Back to this statement:
I agree that there's always a signature that is as generic as possible, but I don't believe it is unique. Specifically, the code allowed by this signature:
fn func<'c>(a: &'c i32, b: &'c i32) -> &'c i32
is the same as that allowed by this signature (not a subset):
fn func<'a, 'b, 'c>(a: &'a i32, b: &'b i32) -> &'c i32
where
'a: 'c,
'b: 'c,
If I'm wrong, please show a counterexample (preferably some code that compiles with one but not with the other). If that's not what you meant, sorry for rambling!
I do like the puzzle, by the way. Hopefully many people will try it themselves and then read the thread to find out what the differences are.
Yes, I realized that the examples are not good and am even given up to fix it. Anyways, you can simply change the references to &mut T it will enforce invariancy, no need to use nested references.

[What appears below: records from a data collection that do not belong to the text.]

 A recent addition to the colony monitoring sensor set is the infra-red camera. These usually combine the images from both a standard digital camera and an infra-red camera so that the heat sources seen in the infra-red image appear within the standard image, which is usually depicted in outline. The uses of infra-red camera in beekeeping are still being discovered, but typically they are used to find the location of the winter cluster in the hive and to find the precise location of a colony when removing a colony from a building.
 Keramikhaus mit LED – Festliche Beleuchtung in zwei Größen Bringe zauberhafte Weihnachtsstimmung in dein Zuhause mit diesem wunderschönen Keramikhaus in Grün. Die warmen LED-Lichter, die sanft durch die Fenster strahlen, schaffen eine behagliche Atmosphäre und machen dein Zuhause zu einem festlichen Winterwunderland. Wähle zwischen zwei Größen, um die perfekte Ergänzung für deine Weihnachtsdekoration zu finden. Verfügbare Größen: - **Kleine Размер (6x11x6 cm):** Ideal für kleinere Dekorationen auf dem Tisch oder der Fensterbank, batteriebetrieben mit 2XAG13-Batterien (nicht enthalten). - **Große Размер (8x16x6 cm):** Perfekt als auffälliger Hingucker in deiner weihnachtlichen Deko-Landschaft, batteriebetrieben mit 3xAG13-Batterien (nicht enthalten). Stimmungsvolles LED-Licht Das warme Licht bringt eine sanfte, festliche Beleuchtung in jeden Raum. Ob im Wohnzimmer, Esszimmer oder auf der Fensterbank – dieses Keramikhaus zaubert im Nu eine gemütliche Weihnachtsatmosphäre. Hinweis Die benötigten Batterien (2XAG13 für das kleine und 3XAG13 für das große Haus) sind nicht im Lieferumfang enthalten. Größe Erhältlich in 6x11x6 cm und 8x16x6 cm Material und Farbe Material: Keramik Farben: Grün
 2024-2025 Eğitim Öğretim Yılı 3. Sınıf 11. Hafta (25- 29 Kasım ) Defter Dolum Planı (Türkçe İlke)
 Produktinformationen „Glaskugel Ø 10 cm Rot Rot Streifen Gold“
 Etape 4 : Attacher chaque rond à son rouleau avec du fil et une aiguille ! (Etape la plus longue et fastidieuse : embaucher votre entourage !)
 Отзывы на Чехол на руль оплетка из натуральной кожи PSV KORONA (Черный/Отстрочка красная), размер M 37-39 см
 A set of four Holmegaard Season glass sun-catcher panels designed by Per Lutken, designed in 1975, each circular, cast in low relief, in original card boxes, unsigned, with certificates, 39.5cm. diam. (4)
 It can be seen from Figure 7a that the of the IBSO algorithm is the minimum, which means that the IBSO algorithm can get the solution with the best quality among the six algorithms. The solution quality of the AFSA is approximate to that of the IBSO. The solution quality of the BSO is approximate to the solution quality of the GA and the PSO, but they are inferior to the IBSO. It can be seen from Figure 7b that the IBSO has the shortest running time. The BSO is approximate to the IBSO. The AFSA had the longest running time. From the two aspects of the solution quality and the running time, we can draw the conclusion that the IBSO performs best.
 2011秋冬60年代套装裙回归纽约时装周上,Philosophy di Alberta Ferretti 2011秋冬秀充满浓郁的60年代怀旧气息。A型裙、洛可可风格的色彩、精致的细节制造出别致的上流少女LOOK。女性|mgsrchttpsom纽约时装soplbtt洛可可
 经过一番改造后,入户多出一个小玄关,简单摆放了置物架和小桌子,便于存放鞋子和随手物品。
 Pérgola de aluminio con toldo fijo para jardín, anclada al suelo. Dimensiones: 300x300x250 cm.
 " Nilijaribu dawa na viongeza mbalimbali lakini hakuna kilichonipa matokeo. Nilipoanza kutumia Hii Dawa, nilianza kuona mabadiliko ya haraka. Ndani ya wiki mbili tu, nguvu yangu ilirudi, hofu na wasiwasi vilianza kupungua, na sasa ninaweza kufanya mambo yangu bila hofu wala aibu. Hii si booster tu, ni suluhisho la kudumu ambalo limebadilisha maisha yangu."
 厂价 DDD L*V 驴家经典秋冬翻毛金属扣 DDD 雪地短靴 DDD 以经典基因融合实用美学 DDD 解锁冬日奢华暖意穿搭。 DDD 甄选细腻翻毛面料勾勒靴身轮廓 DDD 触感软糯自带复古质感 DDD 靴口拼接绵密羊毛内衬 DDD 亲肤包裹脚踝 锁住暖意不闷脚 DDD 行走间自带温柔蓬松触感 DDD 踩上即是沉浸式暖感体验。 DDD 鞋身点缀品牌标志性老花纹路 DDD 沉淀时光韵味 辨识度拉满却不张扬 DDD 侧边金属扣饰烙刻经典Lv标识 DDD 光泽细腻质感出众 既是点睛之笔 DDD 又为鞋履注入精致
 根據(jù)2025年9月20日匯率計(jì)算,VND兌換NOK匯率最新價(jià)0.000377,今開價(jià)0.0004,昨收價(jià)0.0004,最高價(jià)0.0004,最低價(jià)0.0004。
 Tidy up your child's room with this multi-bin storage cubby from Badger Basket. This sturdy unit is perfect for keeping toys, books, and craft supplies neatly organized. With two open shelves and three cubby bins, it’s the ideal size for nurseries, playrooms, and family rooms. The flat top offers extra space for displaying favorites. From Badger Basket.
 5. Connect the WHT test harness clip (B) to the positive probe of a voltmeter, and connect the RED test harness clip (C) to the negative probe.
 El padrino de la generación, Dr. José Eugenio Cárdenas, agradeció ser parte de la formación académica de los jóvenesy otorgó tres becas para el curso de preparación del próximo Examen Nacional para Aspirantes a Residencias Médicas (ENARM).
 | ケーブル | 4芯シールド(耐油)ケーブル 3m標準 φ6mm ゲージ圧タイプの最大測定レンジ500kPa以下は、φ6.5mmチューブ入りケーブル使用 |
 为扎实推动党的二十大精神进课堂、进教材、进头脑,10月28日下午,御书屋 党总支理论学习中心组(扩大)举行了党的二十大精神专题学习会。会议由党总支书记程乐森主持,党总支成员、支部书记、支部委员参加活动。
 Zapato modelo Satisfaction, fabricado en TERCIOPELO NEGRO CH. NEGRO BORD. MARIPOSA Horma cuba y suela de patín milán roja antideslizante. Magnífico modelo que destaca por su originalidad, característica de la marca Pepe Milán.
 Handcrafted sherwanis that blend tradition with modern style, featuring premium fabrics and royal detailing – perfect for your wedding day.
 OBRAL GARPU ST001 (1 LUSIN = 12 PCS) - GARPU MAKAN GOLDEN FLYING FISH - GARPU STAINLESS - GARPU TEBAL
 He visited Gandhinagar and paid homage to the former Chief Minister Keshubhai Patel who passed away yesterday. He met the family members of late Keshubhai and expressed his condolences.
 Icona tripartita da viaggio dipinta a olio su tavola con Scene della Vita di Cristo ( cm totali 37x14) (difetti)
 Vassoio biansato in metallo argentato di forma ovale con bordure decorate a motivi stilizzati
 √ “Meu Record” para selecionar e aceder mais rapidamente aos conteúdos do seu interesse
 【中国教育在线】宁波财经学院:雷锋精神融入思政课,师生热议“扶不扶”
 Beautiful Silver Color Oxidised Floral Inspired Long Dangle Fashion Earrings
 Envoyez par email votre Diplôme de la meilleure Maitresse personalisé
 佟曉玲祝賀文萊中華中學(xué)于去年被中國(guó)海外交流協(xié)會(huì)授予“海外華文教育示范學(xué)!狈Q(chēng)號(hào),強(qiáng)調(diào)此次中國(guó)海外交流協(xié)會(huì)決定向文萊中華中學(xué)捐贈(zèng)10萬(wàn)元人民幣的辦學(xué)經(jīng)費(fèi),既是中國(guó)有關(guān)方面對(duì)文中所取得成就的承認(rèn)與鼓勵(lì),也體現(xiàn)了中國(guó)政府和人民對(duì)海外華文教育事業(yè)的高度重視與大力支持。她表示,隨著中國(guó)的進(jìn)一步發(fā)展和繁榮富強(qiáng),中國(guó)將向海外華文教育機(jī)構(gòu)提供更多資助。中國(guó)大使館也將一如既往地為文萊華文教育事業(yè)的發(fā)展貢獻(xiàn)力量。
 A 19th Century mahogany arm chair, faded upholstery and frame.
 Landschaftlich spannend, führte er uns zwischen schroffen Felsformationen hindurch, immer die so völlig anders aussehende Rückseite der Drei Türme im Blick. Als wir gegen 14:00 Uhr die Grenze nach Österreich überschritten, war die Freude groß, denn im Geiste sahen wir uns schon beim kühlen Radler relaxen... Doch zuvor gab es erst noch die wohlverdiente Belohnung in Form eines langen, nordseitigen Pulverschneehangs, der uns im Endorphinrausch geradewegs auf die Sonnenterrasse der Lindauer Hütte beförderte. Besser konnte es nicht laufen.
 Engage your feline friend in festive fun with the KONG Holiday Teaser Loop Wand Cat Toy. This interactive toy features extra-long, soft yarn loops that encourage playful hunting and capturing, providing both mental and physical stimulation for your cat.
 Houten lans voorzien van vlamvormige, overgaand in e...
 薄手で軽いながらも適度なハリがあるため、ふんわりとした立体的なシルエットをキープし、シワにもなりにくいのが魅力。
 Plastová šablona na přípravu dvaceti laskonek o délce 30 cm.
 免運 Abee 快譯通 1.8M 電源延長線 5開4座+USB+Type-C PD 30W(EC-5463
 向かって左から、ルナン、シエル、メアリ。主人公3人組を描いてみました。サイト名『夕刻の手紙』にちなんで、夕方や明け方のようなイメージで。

My statement is a simplified version for newbies. Of cause I can further explain that "Input of input functions are output, input of output functions are input", but that is too much for them I think.
And I never talked about uniqueness. A much simpler example:
fn func(&i32);
definitely equivalent to
fn func<'a>(&'a i32);
and
fn func<'a,'b:'a>(&'a i32);
However,
fn func<'c>(a:&'c mut i32, b:&'c mut i32) -> &'c i32
is NOT equivalent to
fn func<'a:'c,'b:'c,'c>(a:&'a mut i32, b:&'b mut i32) -> &'c i32
You need to get more complicated than that: &'a mut T is still variant in 'a, although not in T. Your "not equivalent" signatures are, in fact, equivalent.
I took "in theory for any function signature there should exist exactly one such a form." to be a statement about uniqueness.
Oh.. I forgotten reborrowing. It is Copy that makes shared referencing variant, and it is reborrow makes mutable referencing so.
So the simplest form I could think of is (&mut T,), is it?
Ok I see. When I said that, I mean there is an algorithm in my head to calculate the ultimate form. Other forms that are equivalent to it, is then by coincident under other rules (copy or reborrow, or redundency, as in my simple examples above).
There's another variant using 'static -
fn func1<'a>( a: &'a i32, b: &'static i32 ) -> &'a i32
E: just saw that @trentj found the same
Hmm... I don't think so. Wrapping a type in a struct (or a tuple) doesn't hide its variance because the compiler peers inside the struct to determine its variance. Cell<&'a T> would work.
I'm also not convinced that the variance of &'a mut T is related to reborrowing, but I'm having a hard time coming up with a counterexample.
I agree - I don't think reborrows (or Copy for that matter) are related to variance at all. Afterall, variance is indicating whether you can substitute a Foo<'a> for Foo<'b> (where 'a: 'b), but a reborrow of a &'a mut Foo<'a> doesn't change the 'a inside Foo (that's actually why &mut T is invariant in the T portion - the T "remembers", as the nomicon describes it, which lifetime it contains inside).
Isn't all "codata is contravariant" means here that "if you return fn(&'b) that calls argument fn(&'a), 'b outliving 'a would be bad, e.g. if the argument wants 'static you don't want to pass something in and immediately free it"?